Ginger-Simmered Root Vegetable Medley with Turmeric
A soothing, anti-inflammatory side dish that targets bloating and supports gut health during Whole30 reintroduction. This asian-inspired vegetarian (anti-inflammatory) ready in about 28 minutes pairs finely grated fresh ginger, coconut oil, turmeric for a weeknight-friendly dinner that comes together with one pan and minimal cleanup. Each serving lands at about 110 calories and feeds 4, so it slots cleanly into a weekly meal plan and pairs well with a quick salad or grain on the side. Tap "Plan a meal with the AI" below to drop this recipe into your week and send the ingredients straight to Instacart. Nutrition values are approximate, calculated from USDA FoodData Central (fdc.nal.usda.gov) — verify against ingredient labels for any health-driven dietary plan.
Ingredients
- 2 medium, peeled and cut into 1/2-inch coins carrots
- 2 medium, peeled and cut into 1/2-inch coins parsnips
- 1 tbsp, finely grated fresh ginger
- 1 tbsp coconut oil
- 1/2 tsp turmeric
- 1/4 tsp sea salt
- 1/2 cup filtered water
Instructions
- Step 1: Heat coconut oil in a medium skillet over medium heat until shimmering. Add ginger and turmeric, stirring constantly for 30 seconds until fragrant and aromatic.
- Step 2: Add carrots, parsnips, and sea salt to the skillet. Stir to coat evenly with spices, then pour in filtered water.
- Step 3: Cover and simmer for 15-18 minutes until vegetables are fork-tender and water has mostly evaporated, stirring once halfway through—vegetables should be tender but not mushy.
Equipment for this recipe
Top-rated tools to make this recipe successfully.
Frequently asked questions
How long does Ginger-Simmered Root Vegetable Medley with Turmeric take to make?
Total time is about 28 minutes (10 min prep + 18 min cook). Most home cooks find this fits comfortably into a weeknight; double the batch on Sunday for two dinners.
How do I store leftover Ginger-Simmered Root Vegetable Medley with Turmeric?

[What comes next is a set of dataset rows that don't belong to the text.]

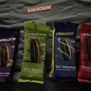 ·GET SMACKIN': The classic sunflower seed reimagined with bold flavors, jumbo sunflower seeds and no more salty burn. Every small-batch of hand crafter sunflower seeds is coated in gourmet seasoning and finished with a signature roast.
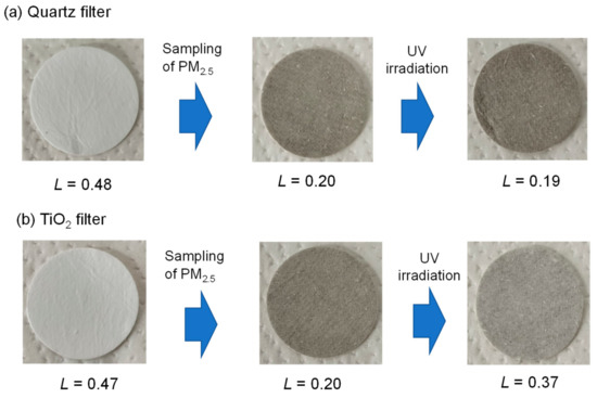 As shown in Figure 6, the color of the collection filters was originally white, with a relative luminance (L) of 0.48 for the quartz filter and 0.47 for the TiO2 filter. After trapping PM2.5, the color turned black with a relative luminance of 0.20, partly owing to the carbonaceous components in PM2.5. Subsequently, UV irradiation was performed for both the PM2.5 samples. After UV irradiation for 24 h, no remarkable change in the color was observed for PM2.5 collected on the quartz filter. In contrast, a remarkable color degradation from black to gray with increased relative luminance was observed for PM2.5 collected on the TiO2 filter. This visual change suggests the successful degradation of carbonaceous components in PM2.5 by this photocatalytic reaction.
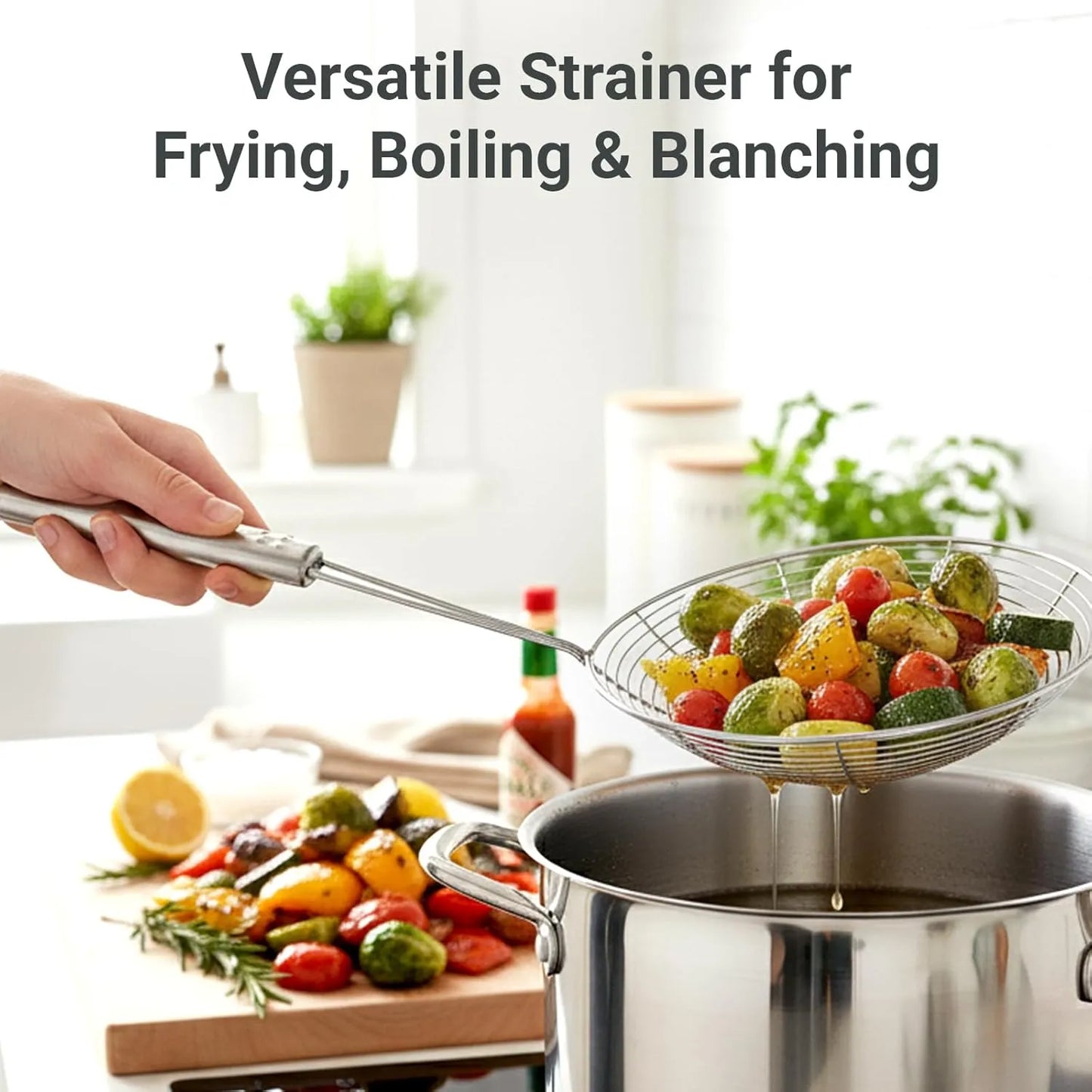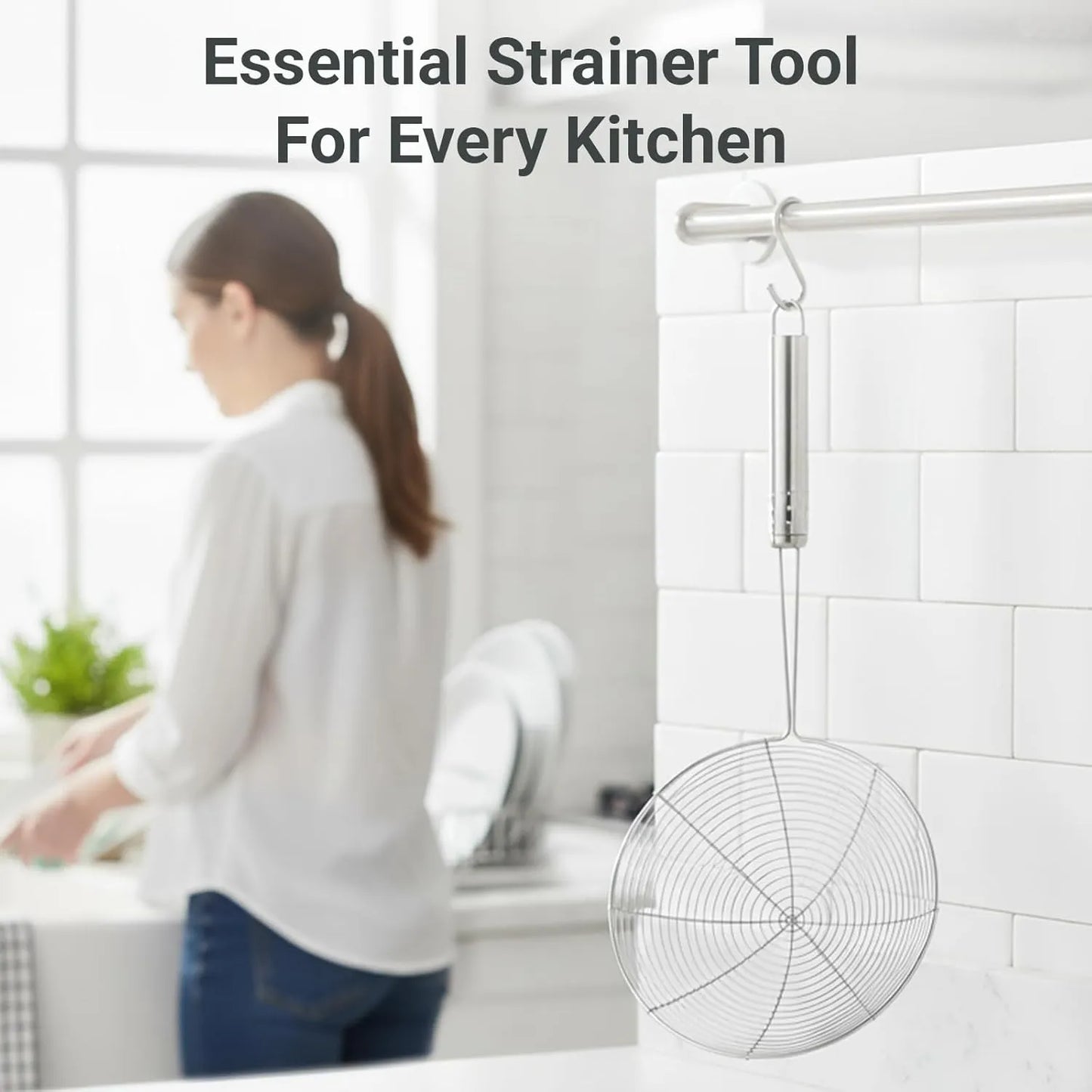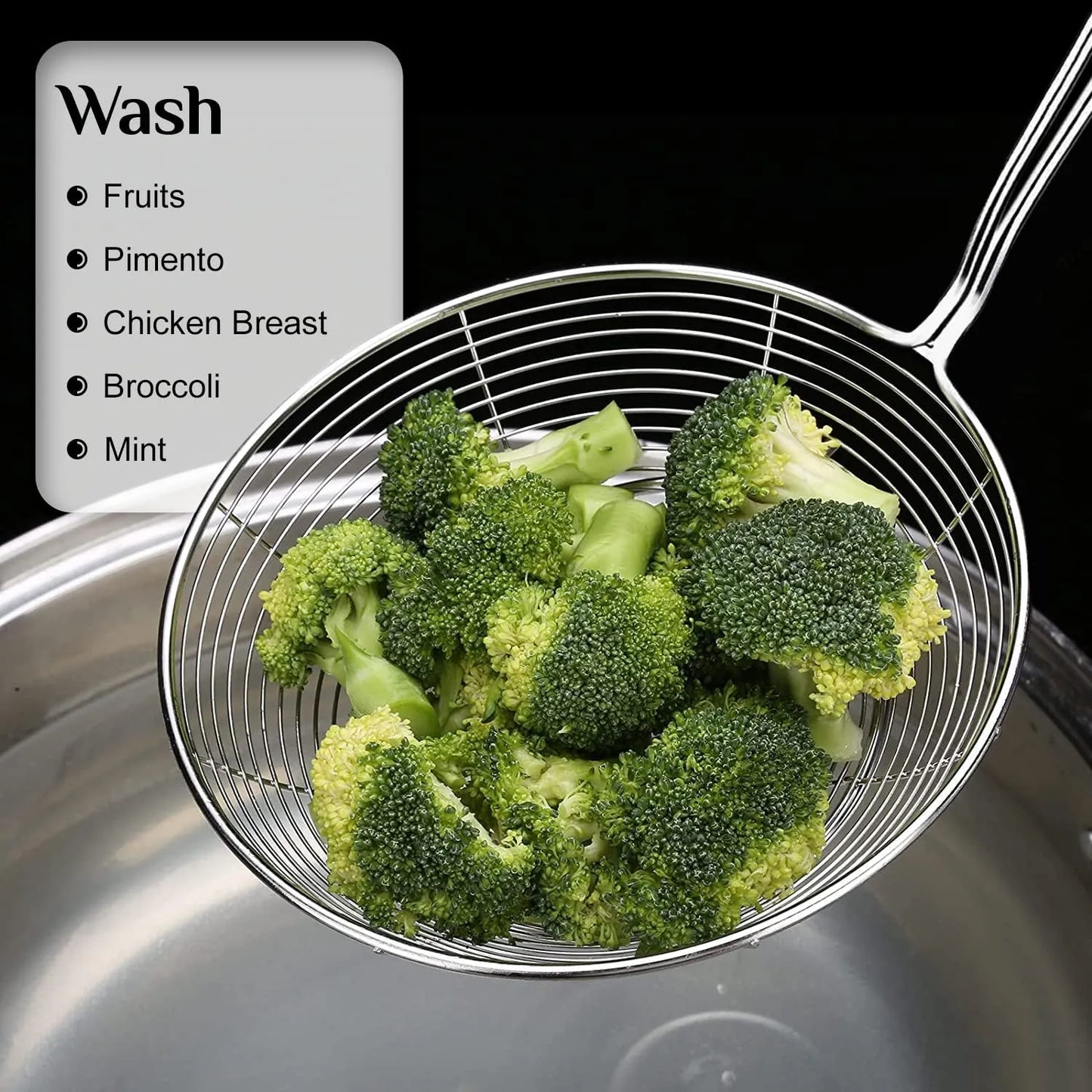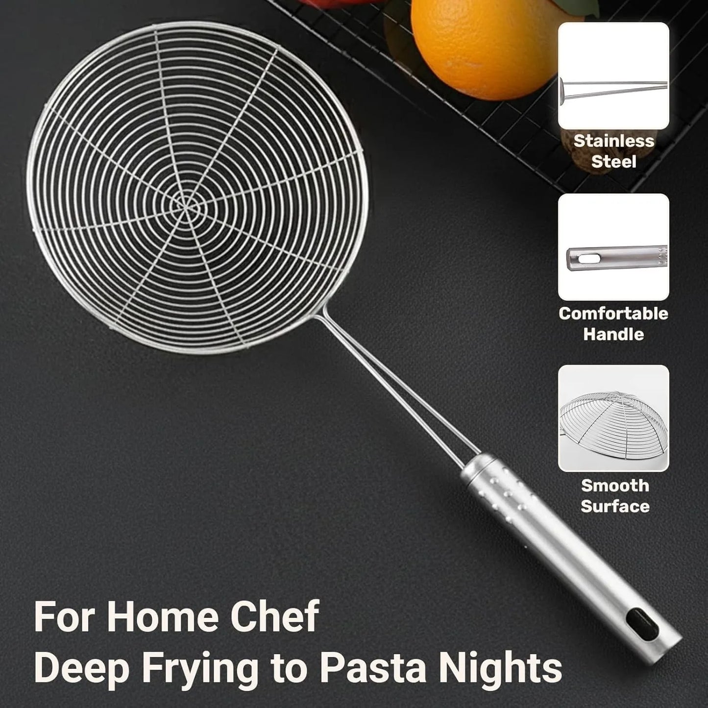 Upgrade your kitchen with this premium stainless steel skimmer spider. Its spiderweb mesh drains liquids efficiently while lifting food safely. The ergonomic handle with a hanging hole ensures comfort and convenient storage, making it perfect for frying, boiling, or washing food in both professional and home kitchens.
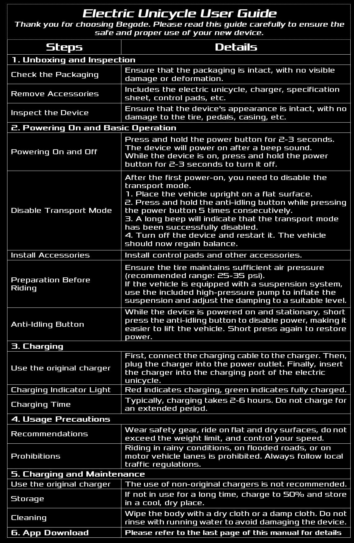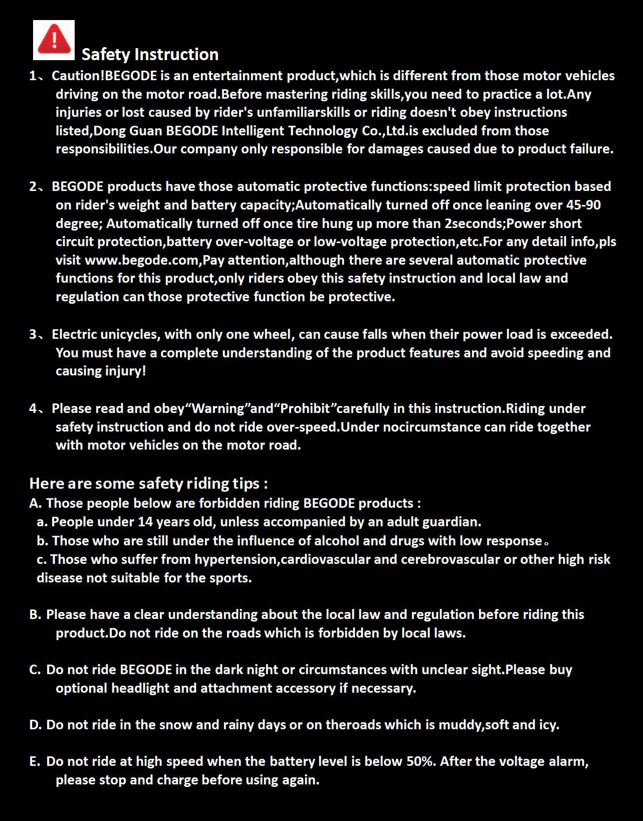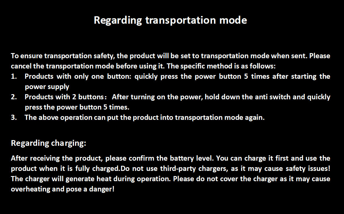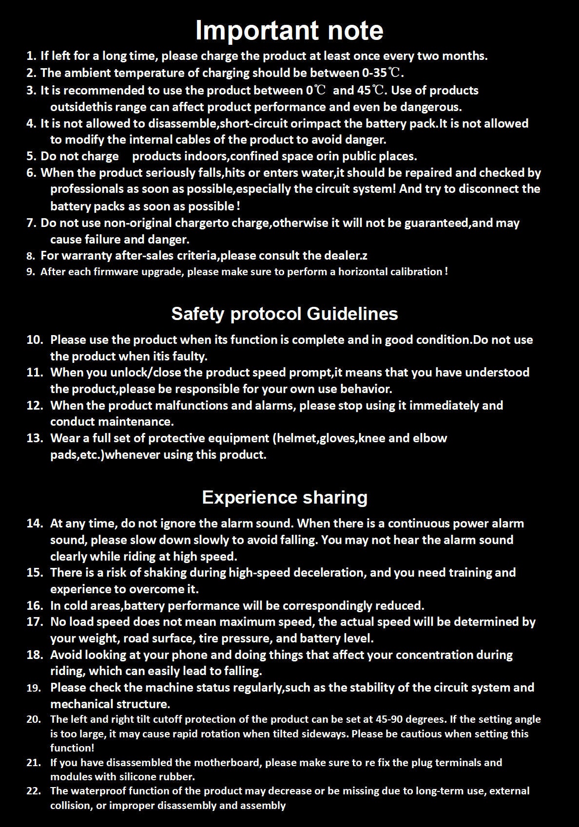 Warranty Period (calculated from the date of receiving the goods): Mainboard, motor, battery: 1 year Shock absorber, lamp parts: 6 months Seat cushion, tire, power pad: 3 months Please read the Manual carefully!
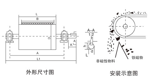型號 | 筒表磁場強度Gs | 皮帶速度≤m/s | 物料厚度≤mm | 重量kg | 外形尺寸mm | ||||||||

Cool to room temperature within 2 hours, then store in an airtight container in the fridge for up to 4 days. Reheat covered in a 350°F oven for 10-12 minutes, or microwave at 70% power in 60-second bursts to keep finely grated fresh ginger from drying out.
Can I substitute ingredients in Ginger-Simmered Root Vegetable Medley with Turmeric?
Yes — most ingredients in this recipe have flexible swaps. For oil, use any neutral high-smoke-point oil (avocado, grapeseed, refined coconut). For aromatics, dried herbs at ⅓ the volume of fresh work in a pinch. The full ingredient list is shoppable on Instacart so you can see substitutes in real time.
How do I scale Ginger-Simmered Root Vegetable Medley with Turmeric for a different number of people?
The recipe is written for 4 servings. Multiply each ingredient by (your serving target / 4). Cook time stays roughly the same up to 2x; for 3-4x batches, switch from a skillet to a sheet pan or stockpot so the food isn't crowded — overcrowding steams instead of browns.
What goes well with Ginger-Simmered Root Vegetable Medley with Turmeric?
Asian vegetarian like this pair well with a simple grain (rice, couscous, or crusty bread), a quick salad with acid (lemon vinaigrette, pickled onions), and a pan sauce or yogurt-based dip. Tap "Plan a meal with the AI" to get specific side suggestions.
What others are saying
- ★★★★★
Doubled the garlic (as one does) and it was amazing.
- ★★★★★
Used frozen vegetables instead of fresh and honestly couldn't tell the difference.
- ★★★★☆
Very good for a 18-minute recipe. Would bump up the spice level though.